Finding clarity in the design process with the Double Diamond model
Nicola Wilson | 5 min read
I spent most of my twenties in the wide-open field of "what if". A thousand ideas, endless tabs, notebooks full of half-thoughts, a wallpaper of post its, sparks of something. It looked like creativity. It felt like a block.
I had not suffered from the same extensive overwhelm at school. I was focussed and enthusiastic. But behind the scenes of my creative pursuits at university and my initial design career I could feel a sense of stuck-ness in the first half of every project. The messy, exciting, but ultimately paralysing stage of idea generation. I struggled to commit to a single path. I worried that picking one idea meant killing all the others. So I’d stay in the swirling soup of possibility.
I suffered from the usual dichotomy of low confidence and ambition, always striving for perfection, never feeling like any single route was good enough. Committing felt so visible. It was safer to swirl.
Then I did a course. Nothing fancy, just one of many I took while tooling myself up. I was hungry to sharpen my practice, get more human-centred, learn new frameworks, and build confidence in my process. Much of the course simply articulated things I didn’t realise I already knew. But that’s when I discovered it.
The Double Diamond.
If you’re not familiar, the Double Diamond is a model created by the British Design Council. It maps the creative process into four stages: Discover, Define, Develop, Deliver. Two diamonds; one for the problem space, one for the solution space. Each with a divergence (expanding, exploring, gathering) followed by a convergence (narrowing, synthesising, deciding).

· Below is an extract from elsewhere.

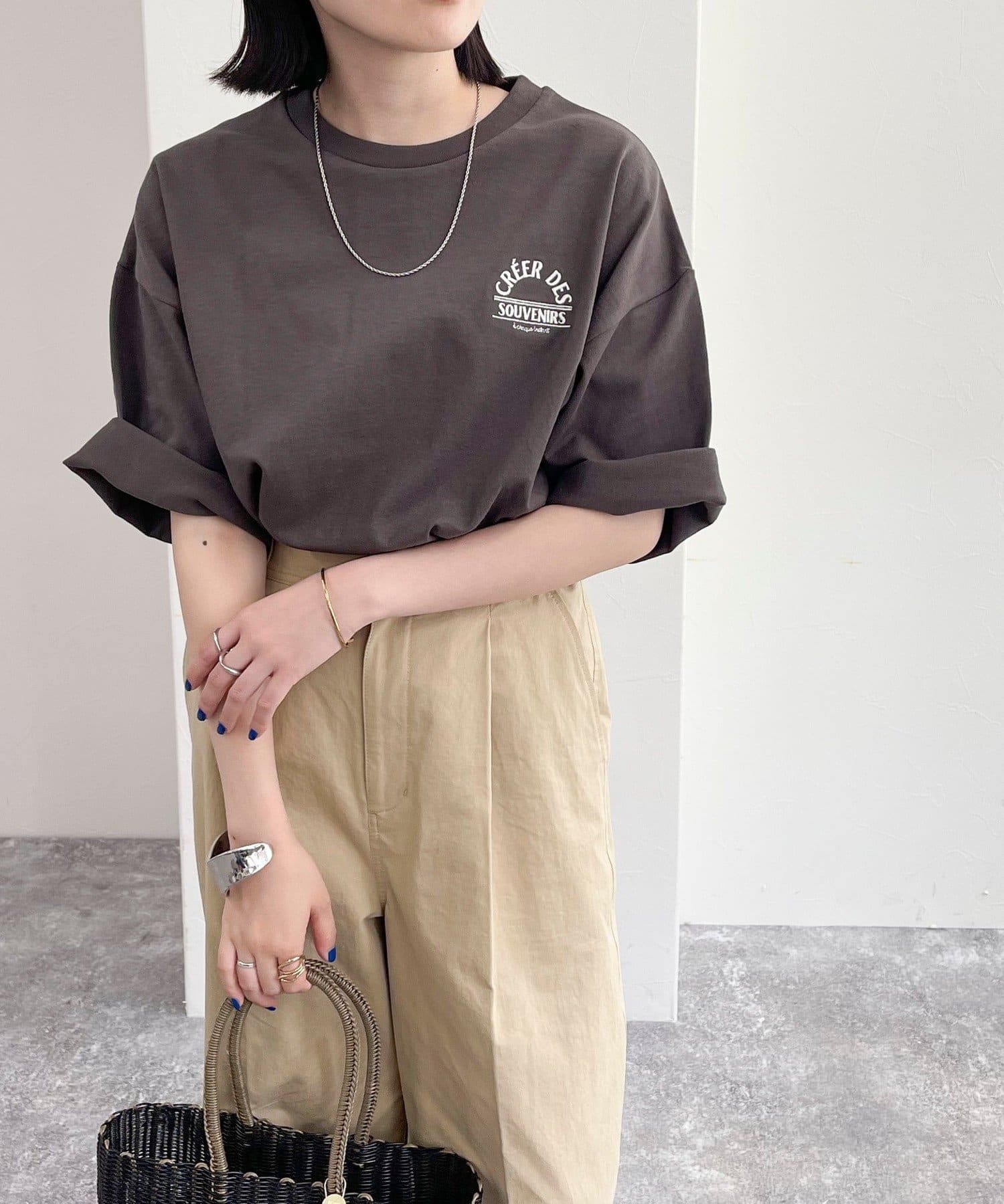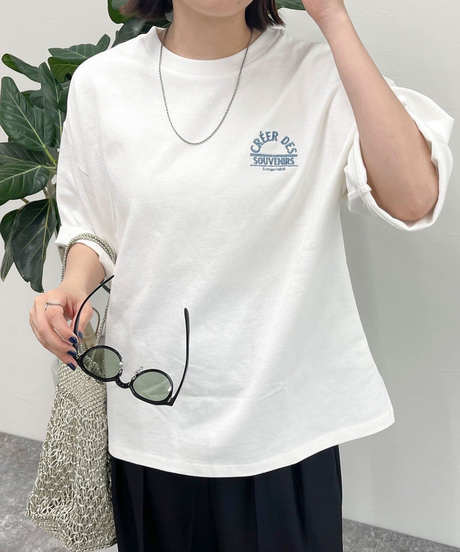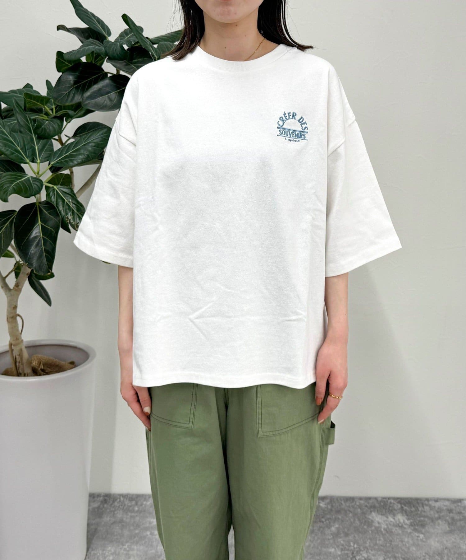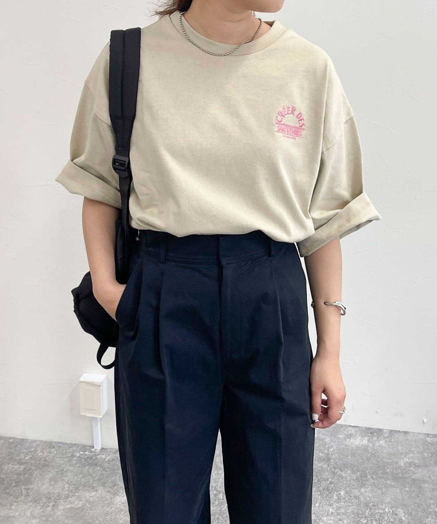 ・胸元の刺繍がポイントのゆったりサイズのTシャツです

I saw it and something clicked.
Suddenly, I could locate myself.
That overwhelm I’d been feeling? That was just the “Discover” phase. The mess was allowed. It was necessary. But so was the “Define” phase, the moment of synthesis. I wasn’t stuck, I just had to learn one of many catch phrases seen on instagram posts; "Done is better than perfect"…etc etc and push through.
This simple visual changed how I designed but it also changed how I lived.

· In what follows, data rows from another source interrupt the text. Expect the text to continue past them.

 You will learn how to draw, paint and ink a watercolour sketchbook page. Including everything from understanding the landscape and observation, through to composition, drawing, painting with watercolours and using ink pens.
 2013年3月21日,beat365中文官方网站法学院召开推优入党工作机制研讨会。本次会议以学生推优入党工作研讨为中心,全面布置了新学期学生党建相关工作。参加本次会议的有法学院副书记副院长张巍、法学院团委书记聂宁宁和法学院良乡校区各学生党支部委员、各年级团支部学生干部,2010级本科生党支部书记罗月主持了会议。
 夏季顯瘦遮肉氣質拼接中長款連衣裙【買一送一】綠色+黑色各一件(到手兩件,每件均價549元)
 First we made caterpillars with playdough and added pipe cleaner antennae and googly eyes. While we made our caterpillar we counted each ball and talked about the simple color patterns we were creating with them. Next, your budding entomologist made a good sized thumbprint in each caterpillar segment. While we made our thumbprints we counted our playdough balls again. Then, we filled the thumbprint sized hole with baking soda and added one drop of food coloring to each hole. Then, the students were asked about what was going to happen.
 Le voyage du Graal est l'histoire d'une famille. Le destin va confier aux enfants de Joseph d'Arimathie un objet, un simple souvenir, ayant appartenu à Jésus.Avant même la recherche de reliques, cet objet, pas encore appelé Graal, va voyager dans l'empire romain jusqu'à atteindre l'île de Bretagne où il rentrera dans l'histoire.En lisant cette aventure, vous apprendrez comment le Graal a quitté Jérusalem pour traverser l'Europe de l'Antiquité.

Because the truth is, we all have a phase we cling to when we’re uncertain.
Some people sit in idea generation forever, afraid to commit (that was me.) Others skip too quickly to neatness, picking one idea just to escape the discomfort of ambiguity. I see this a lot with designers early in their career. They want to be decisive, efficient. But they miss the richness of going wide first.
I now try to show them how to follow and trust the process.
It’s not just a product design model. It’s a tool for all creative projects and for life.
I know an exceptionally talented and successful comic. Like many supreme creatives, he has ADHD, and I’ve spent hours with him riffing on wild, brilliant ideas. Sometimes I can see the overwhelm rise in him, the weight of too many things to say. And in those times we have discussed the diamond. Go wide. Then go narrow. Then go wide again. It gives the chaos shape. It gives the magic a map.
And now?
When I feel overwhelmed, I don’t spiral like I used to. I mentally zoom out and place myself on the diamond.
“Ah. I’m in divergence,” I tell myself. “It’s supposed to feel messy.”
Or: “Time to move to convergence. You’ve got enough now. Pick a path.”
I am a deep researcher and idea generator, but for years, I didn’t know how to hold that without drowning in it. Discovering the Double Diamond was a game-changer. I’ve come to realise I have a strong affinity for pattern spotting and synthesis, and for the past decade, I’ve been embracing the creative process with far less fear and so much more enjoyment. It’s helped me hone my superpowers, and taught me how to help others hone theirs too.
The educational takeaway?
You don’t have to fear the mess. It’s not a failure, it’s a phase.
Knowing where you are in the process allows you to keep moving through it. It’s not about speed. It’s about trust. Trust in a cycle that expands and contracts. Trust in yourself to know when to gather, and when to choose.
Whether you’re designing a brand or rethinking your career, making a big decision or just getting through Tuesday, use the diamond.
You don’t have to feel lost if you know where you are.